I’d like to think I know a good japchae when I see one, but as enthusiastic and frequent of a Korean-food eater as I am, I’m no expert. This recipe from Seoyoung Jung was an eye-opener for me, revealing just how artfully the noodles can be composed. Hers is balanced and restrained—no pooling puddle of slick sauce or grease—but it’s still deeply flavorful and satisfying. It redefined, for me, what a good japchae could be.

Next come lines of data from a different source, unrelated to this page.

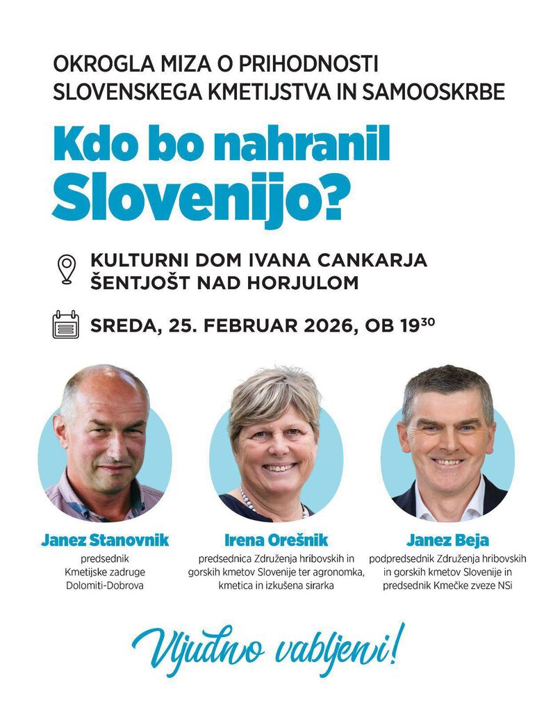 Okrogla miza o prihodnosti slovenskega kmetijstva in samooskrbe - Kdo bo nahranil Slovenijo?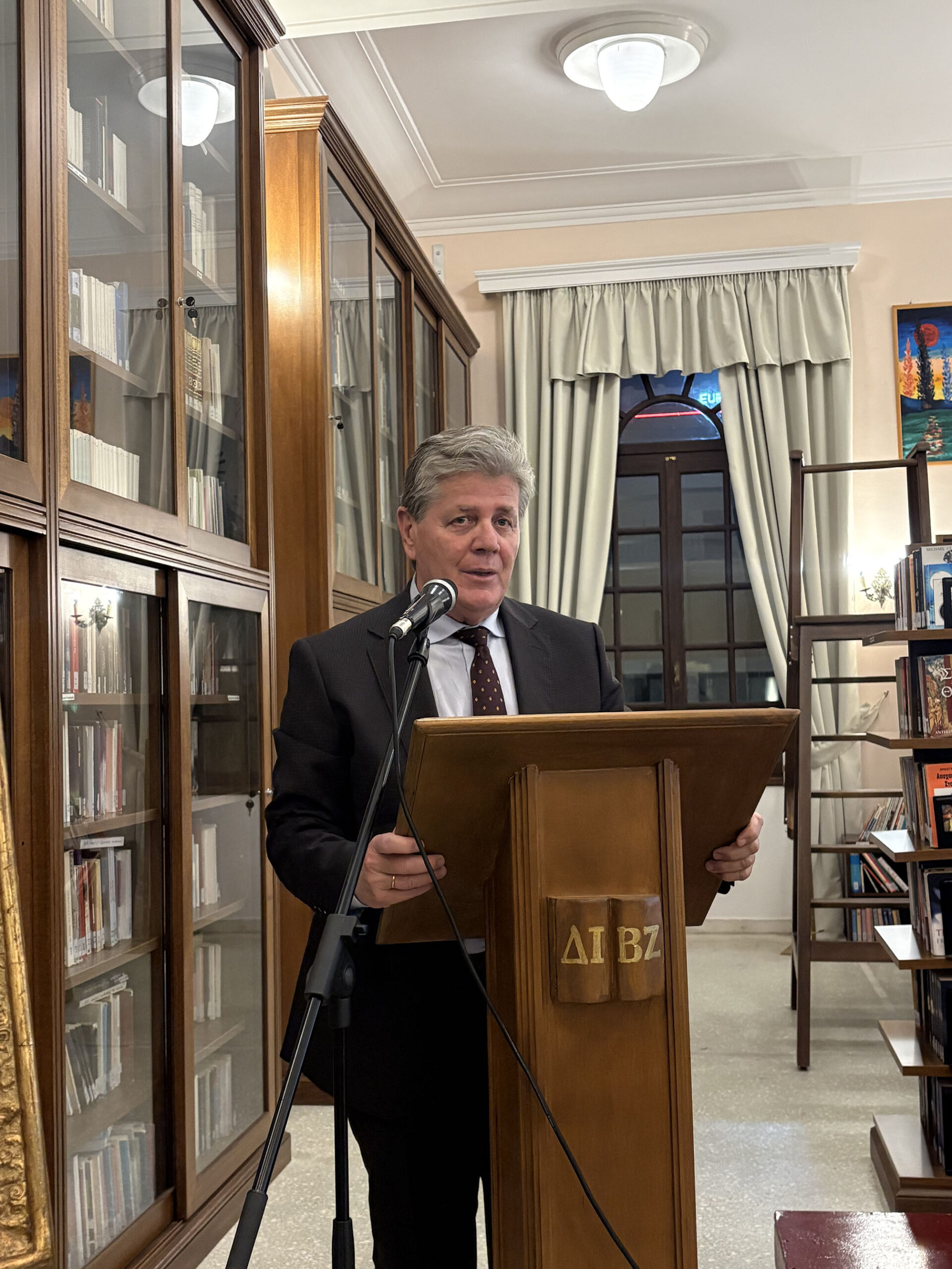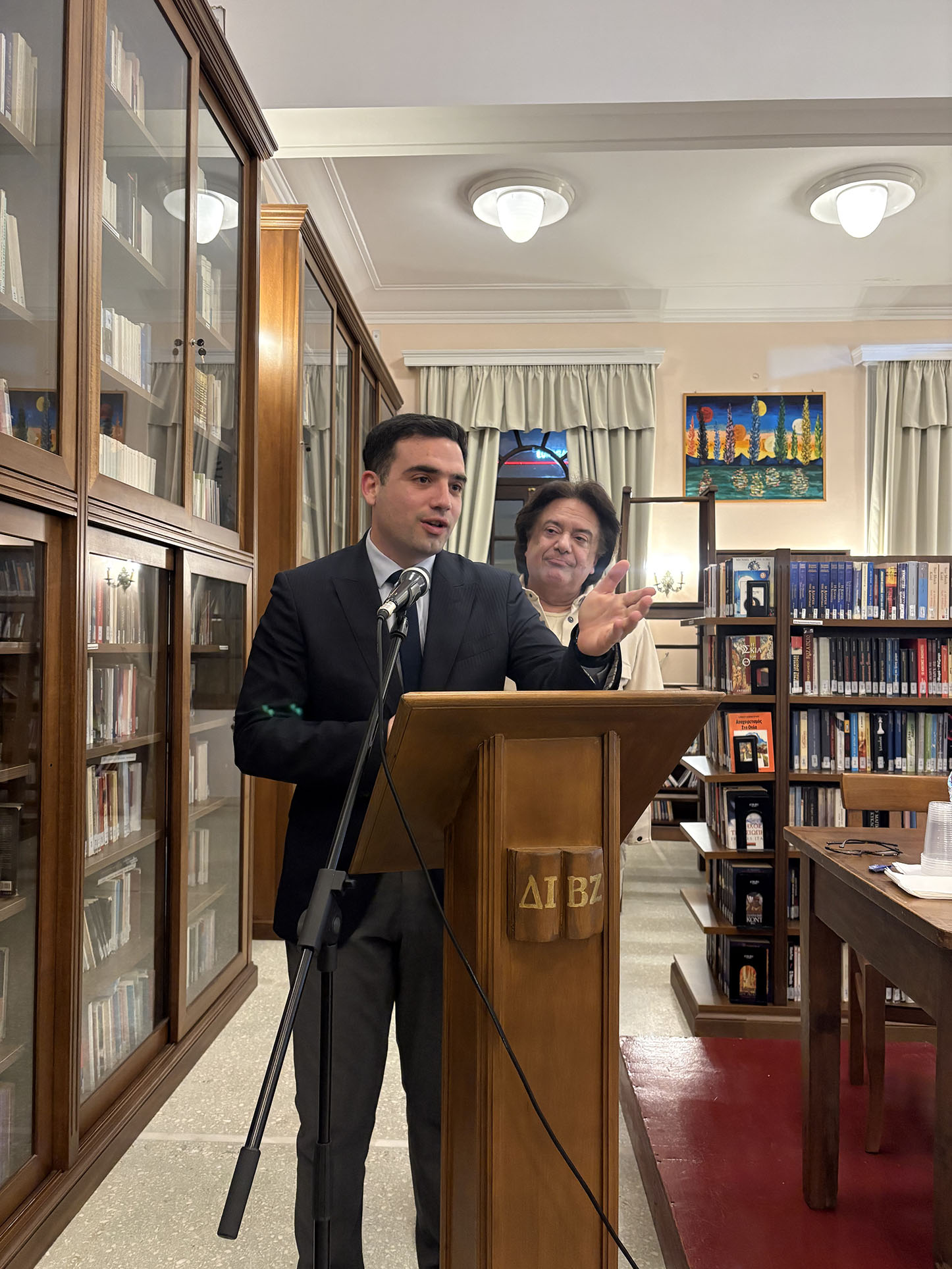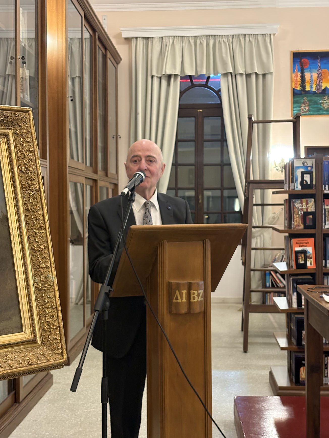 Μίλησε με θερμά λόγια για την αξία του έργου των Σπύρου και Δημητρίου Πελεκάση ως εκπροσώπων της επτανησιακής σχολής και δεσμεύτηκε σύντομα να δωρήσει ένα έργο του Σπυρίδωνα Πελεκάση στην Βιβλιοθήκη για να συμπληρωθεί, όπως είπε, η ιστορική συμβολή της οικογένειας των Πελεκάσηδων στην τέχνη στον συγκεκριμένο χώρο.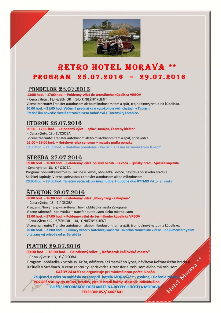 Bezplatne sa ho môžu zúčastniť aj hostia z iných hotelov, okrem fakultatívnych výletov, ktoré sú za poplatok. Rezervácie osobne na recepcii hotela.

I’m not the biggest cake person. The icing is often too sweet for me, and the cake portion rarely elevates the rest of it except in the hands of the very best bakers. But a cake like this one that’s skillfully made and not slathered in whipped sugar speaks to me. Stella lets the olive oil shine through in this one, opting for a higher-quality oil to really bring that grassy flavor to the fore. It’s delicate and moist and just perfect after dinner or with a cup of coffee in the morning.
A few months ago, Sasha, myself, and a few other members of the Serious Eats crew traveled to a farm in Upstate New York to film some cooking videos. Sasha made the pomodori al riso he’d grown up eating in Rome and then perfected as this recipe for Serious Eats. It’s an absolutely beautiful expression of a ripe summer tomato, sweet and fruity and jammy and juicy. And those potatoes that roast alongside the tomatoes ain’t half bad either. Set a reminder for yourself now: You’re going to want to cook these come next summer.